-- Stored data entries --
══════════════════════════════

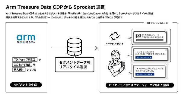 Arm Treasure Data CDPの顧客データを基に、戦略に基づいてマーケターがセグメントを生成。そのセグメント情報を「Profile API」を用いてSprocketにリアルタイムで連携する。これにより、Web訪問ユーザーごとに異なるロイヤルティ(信頼・忠誠心)やカスタマージャーニー(顧客が購入に至る過程)に応じた接客をWebサイト上で行える。
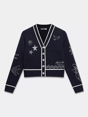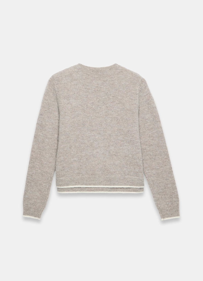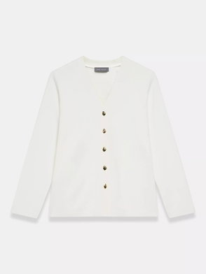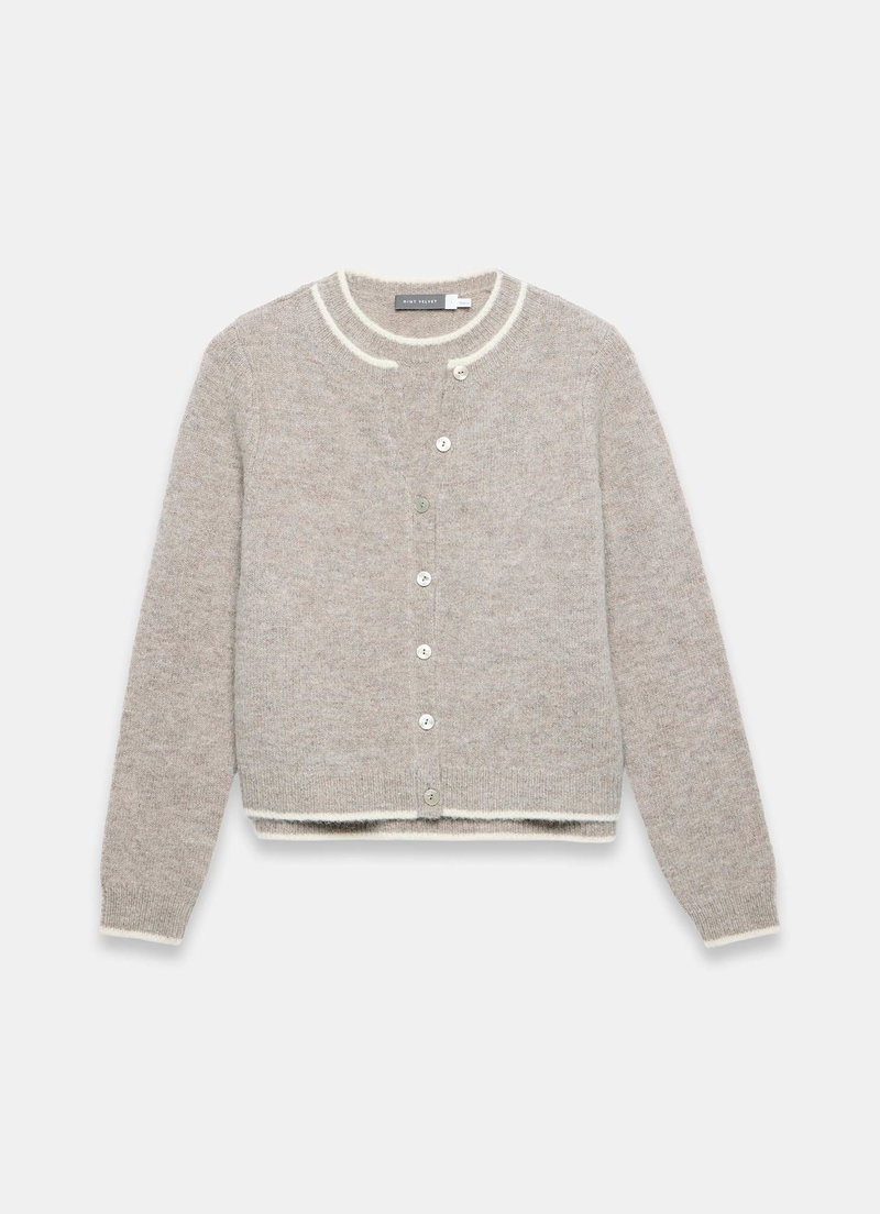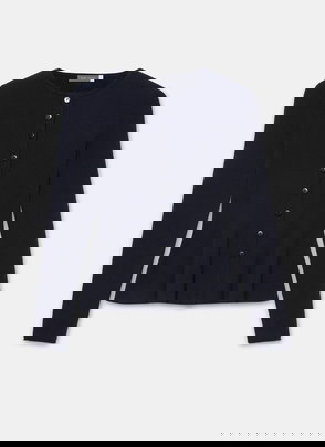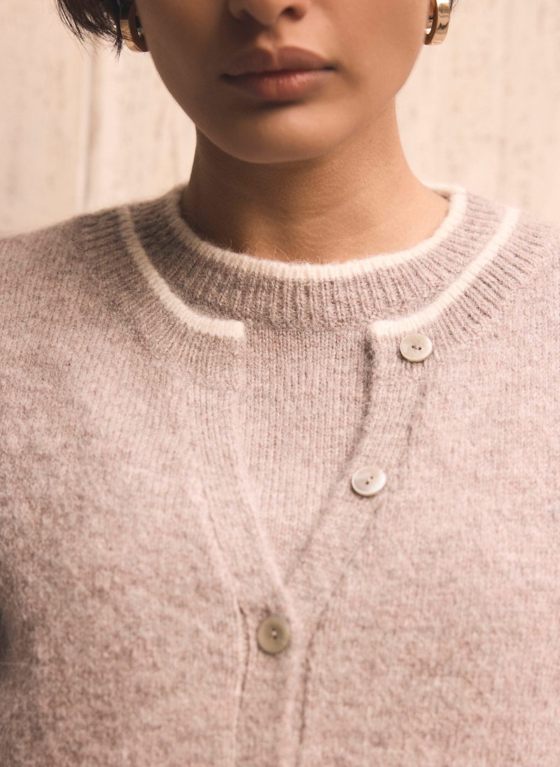 Neutral attached 2-in-1 layered cardigan design featuring a crew neckline, long sleeves, contrast trim, layered hemline with a button fastening through the front.
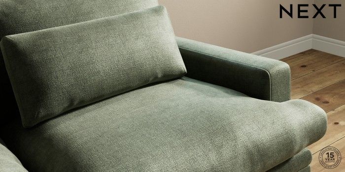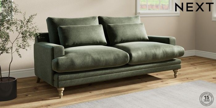 7.0.3 Buy Hutton Deep Relaxed Sit 3 Seater Sofa Luxe Chenille Mid Green Country Turned - Light from the Next UK online shop Click here to use our accessible website
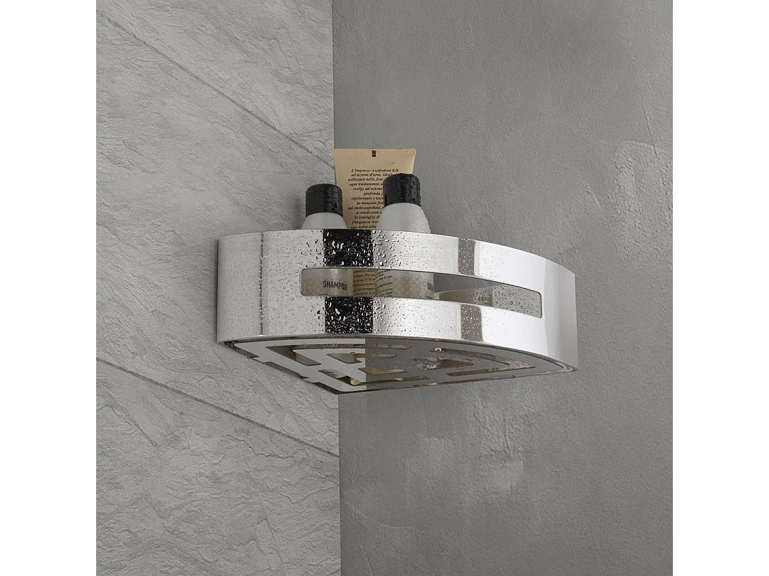 Porte-Objets De Douche D'angle Acier Chromé Intérieur Blanc | Peonia
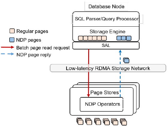 在传统数据库中,SQL执行引擎从存储中获取数据,并执行包括投影、谓词计算和聚合在内的步骤。对于经常涉及大型表扫描的分析查询,SQL执行引擎必须从存储中读取大量数据页。当存储节点与计算分离,通过网络通讯时,大表扫描会转化为增加的网络流量。一个典型的例子是对一个非常大的表进行计数查询,查询对象表的所有页面必须从页面存储池(Page stores)发送到要计数的数据库节点,之后,数据库节点将丢弃这些页面中的大部分,因为缓冲区池不能装载这么多数据页,这是对网络带宽资源的浪费。华为云创新的NDP(Near Data Processing,近数据处理,简称NDP)方案解决了这一问题。
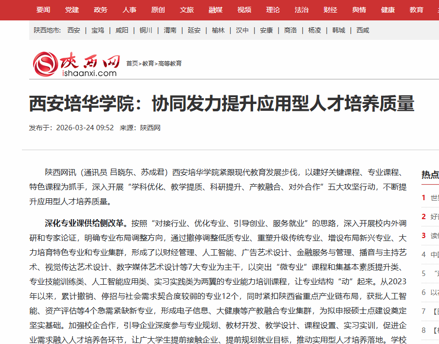 深化专业课供给侧改革。按照“对接行业、优化专业、引导创业、服务就业”的思路,深入开展校内外调研和专家论证,明确专业布局调整方向,通过撤停调整低质专业、重塑升级传统专业、增设布局新兴专业、大力培育特色专业和专业集群,形成了以财经管理、人工智能、广告艺术设计、金融服务与管理、播音与主持艺术、视觉传达艺术设计、数字媒体艺术设计等7大专业为主干,以突出“微专业”课程和集基本素质提升类、专业技能训练类、人工智能应用类、实习实践类为两翼的专业能力培训课程,让专业结构“动”起来。从2023年以来,累计撤销、停招与社会需求契合度较弱的专业12个,同时紧扣陕西省重点产业链布局,获批人工智能、资产评估等4个急需紧缺新专业,形成电子信息、大健康等产教融合专业集群,为拟申报硕士点建设奠定坚实基础。加强校企合作,引导企业深度参与专业规划、教材开发、教学设计、课程设置、实习实训,促进企业需求融入人才培养各环节,让广大学生提前接触企业、提前规划就业目标,推动实用型人才培养落地。学校已携手企业联袂打造70门校企合作共建共讲课程,累计超过300个行业企业课程资源库与6000多个实战案例,同时建立了276个校外实习实训基地,建立了华夏鲲鹏信创产业学院、低空经济航空产业学院、新电商产业学院、华为ICT现代产业学院、生态商科产业学院、数智传媒产业学院、生物医药现代产业学院等11个产业学院。近三年学校本科生获省级以上竞赛奖项2635项,累计获奖学生5843人次。农学、经济学、工学三个学科通过普通高校本科专业省级评议。
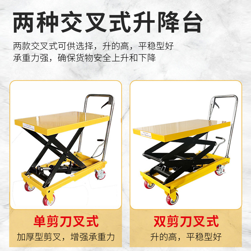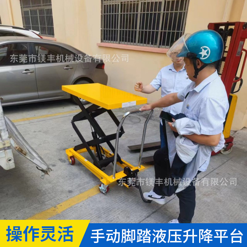 现货手动脚踏液压升降平台车手推移动剪叉式小型推车升降平台车
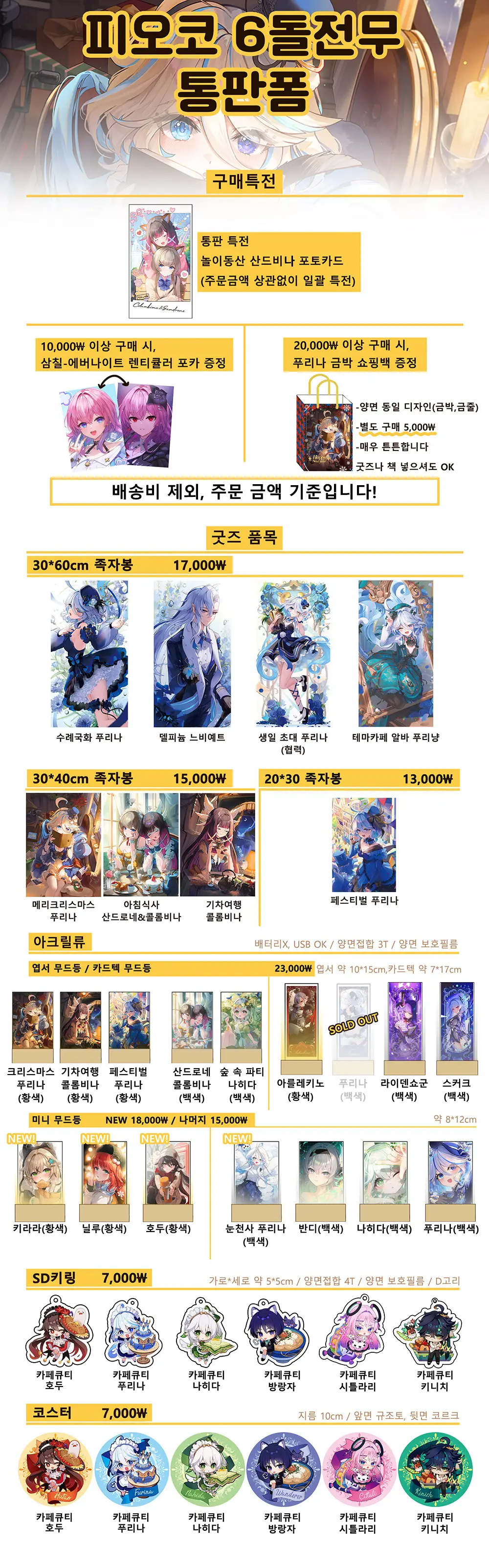 택배 : 티셔츠, 족자봉, 포스터, 코스터 2개부터, 아크릴 굿즈, 쇼핑백
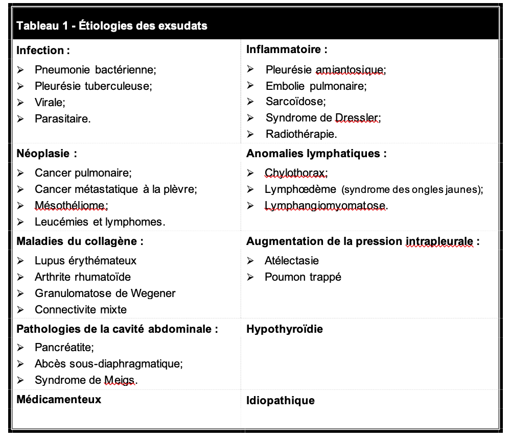 d’une inflammation pulmonaire ou pleurale amenant une fuite protéique. Le drainage lymphatique peut-être également diminué. L’exsudat peut être aussi secondaire à un mouvement de liquide de l’espace péritonéal (Tableau 1).
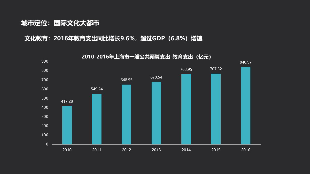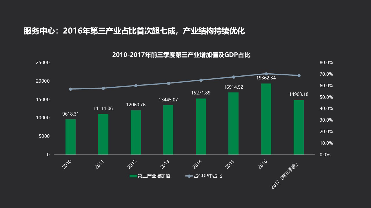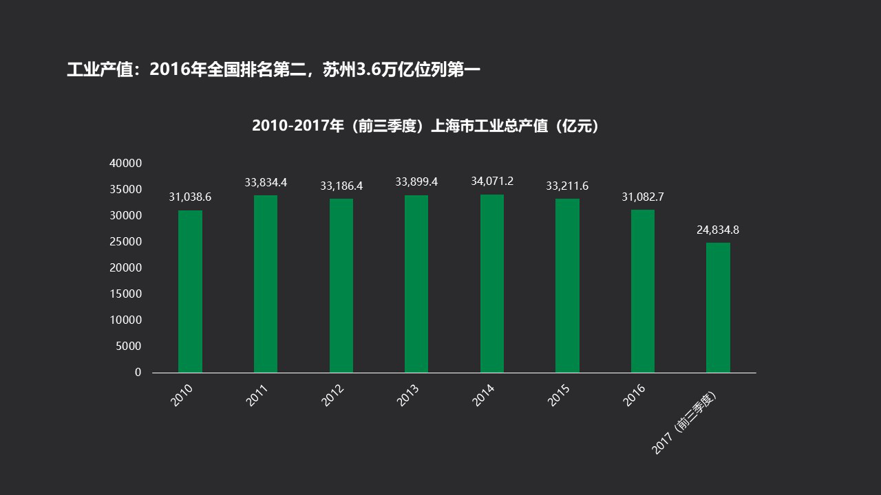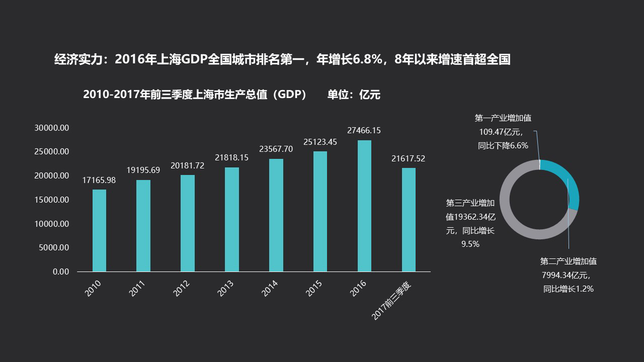 上海作为追求卓越的综合性全球城市,经济实力、创新能力均在全国处于领先地位。2016年,上海GDP总量达2.75万亿,全国城市排名第一,增速达6.8%。2016年,上海市进出口总额2.87万亿,约占全国的十分之一;货物吞吐量、集装箱吞吐量连续七年全球第一,国际贸易中心、国际航运中心地位进一步奠定。与此同时,第三产业占比首超七成,产业结构进一步优化。
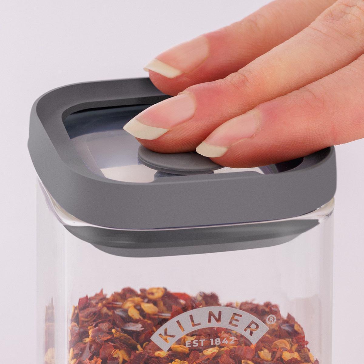 フタに付いたバルブの押し引きで簡単に密閉保存が可能です。高気密バルブで密閉性が高く、湿気を防ぐので、食材本来の「鮮度」「香り」「風味」「食感」を守ります。調味料やスパイス・乾物・ナッツなどの長期保存に最適です。
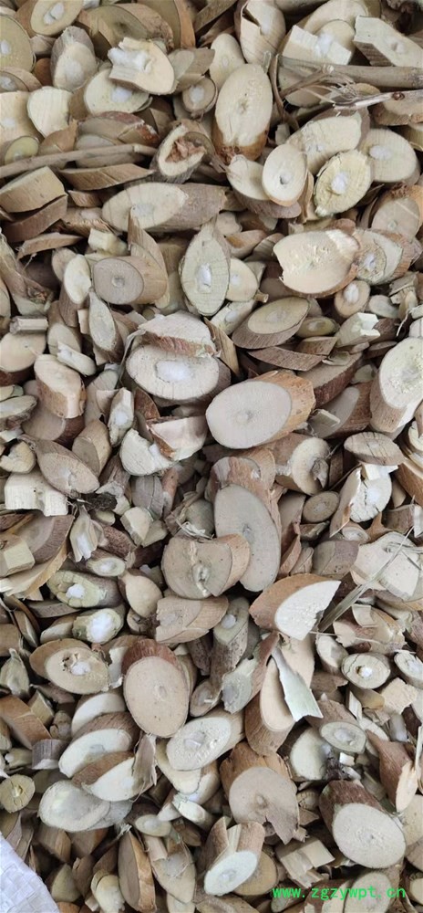 性状颜色:本品呈类圆形或椭圆形的厚片。外表皮灰黄色或黄褐色,有点状皮孔。切面皮部较薄,木部黄白色,射线放射状,髓部白色或黄白色。气微,味淡。
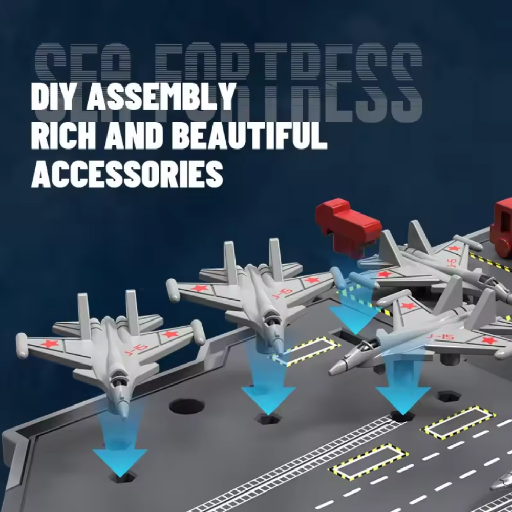 Le navire de guerre est livré avec un ensemble de mini-avions, de drapeaux et d'armes à assembler selon vos envies. Créez votre propre porte-avions et personnalisez-le !

══════════════════════════════

Take the entries above and set them down exactly, minus the pictures.

 Arm Treasure Data CDPの顧客データを基に、戦略に基づいてマーケターがセグメントを生成。そのセグメント情報を「Profile API」を用いてSprocketにリアルタイムで連携する。これにより、Web訪問ユーザーごとに異なるロイヤルティ(信頼・忠誠心)やカスタマージャーニー(顧客が購入に至る過程)に応じた接客をWebサイト上で行える。
 Neutral attached 2-in-1 layered cardigan design featuring a crew neckline, long sleeves, contrast trim, layered hemline with a button fastening through the front.
 7.0.3 Buy Hutton Deep Relaxed Sit 3 Seater Sofa Luxe Chenille Mid Green Country Turned - Light from the Next UK online shop Click here to use our accessible website
 Porte-Objets De Douche D'angle Acier Chromé Intérieur Blanc | Peonia
 在传统数据库中,SQL执行引擎从存储中获取数据,并执行包括投影、谓词计算和聚合在内的步骤。对于经常涉及大型表扫描的分析查询,SQL执行引擎必须从存储中读取大量数据页。当存储节点与计算分离,通过网络通讯时,大表扫描会转化为增加的网络流量。一个典型的例子是对一个非常大的表进行计数查询,查询对象表的所有页面必须从页面存储池(Page stores)发送到要计数的数据库节点,之后,数据库节点将丢弃这些页面中的大部分,因为缓冲区池不能装载这么多数据页,这是对网络带宽资源的浪费。华为云创新的NDP(Near Data Processing,近数据处理,简称NDP)方案解决了这一问题。
 深化专业课供给侧改革。按照“对接行业、优化专业、引导创业、服务就业”的思路,深入开展校内外调研和专家论证,明确专业布局调整方向,通过撤停调整低质专业、重塑升级传统专业、增设布局新兴专业、大力培育特色专业和专业集群,形成了以财经管理、人工智能、广告艺术设计、金融服务与管理、播音与主持艺术、视觉传达艺术设计、数字媒体艺术设计等7大专业为主干,以突出“微专业”课程和集基本素质提升类、专业技能训练类、人工智能应用类、实习实践类为两翼的专业能力培训课程,让专业结构“动”起来。从2023年以来,累计撤销、停招与社会需求契合度较弱的专业12个,同时紧扣陕西省重点产业链布局,获批人工智能、资产评估等4个急需紧缺新专业,形成电子信息、大健康等产教融合专业集群,为拟申报硕士点建设奠定坚实基础。加强校企合作,引导企业深度参与专业规划、教材开发、教学设计、课程设置、实习实训,促进企业需求融入人才培养各环节,让广大学生提前接触企业、提前规划就业目标,推动实用型人才培养落地。学校已携手企业联袂打造70门校企合作共建共讲课程,累计超过300个行业企业课程资源库与6000多个实战案例,同时建立了276个校外实习实训基地,建立了华夏鲲鹏信创产业学院、低空经济航空产业学院、新电商产业学院、华为ICT现代产业学院、生态商科产业学院、数智传媒产业学院、生物医药现代产业学院等11个产业学院。近三年学校本科生获省级以上竞赛奖项2635项,累计获奖学生5843人次。农学、经济学、工学三个学科通过普通高校本科专业省级评议。
 现货手动脚踏液压升降平台车手推移动剪叉式小型推车升降平台车
 택배 : 티셔츠, 족자봉, 포스터, 코스터 2개부터, 아크릴 굿즈, 쇼핑백
 d’une inflammation pulmonaire ou pleurale amenant une fuite protéique. Le drainage lymphatique peut-être également diminué. L’exsudat peut être aussi secondaire à un mouvement de liquide de l’espace péritonéal (Tableau 1).
 上海作为追求卓越的综合性全球城市,经济实力、创新能力均在全国处于领先地位。2016年,上海GDP总量达2.75万亿,全国城市排名第一,增速达6.8%。2016年,上海市进出口总额2.87万亿,约占全国的十分之一;货物吞吐量、集装箱吞吐量连续七年全球第一,国际贸易中心、国际航运中心地位进一步奠定。与此同时,第三产业占比首超七成,产业结构进一步优化。
 フタに付いたバルブの押し引きで簡単に密閉保存が可能です。高気密バルブで密閉性が高く、湿気を防ぐので、食材本来の「鮮度」「香り」「風味」「食感」を守ります。調味料やスパイス・乾物・ナッツなどの長期保存に最適です。
 性状颜色:本品呈类圆形或椭圆形的厚片。外表皮灰黄色或黄褐色,有点状皮孔。切面皮部较薄,木部黄白色,射线放射状,髓部白色或黄白色。气微,味淡。
 Le navire de guerre est livré avec un ensemble de mini-avions, de drapeaux et d'armes à assembler selon vos envies. Créez votre propre porte-avions et personnalisez-le !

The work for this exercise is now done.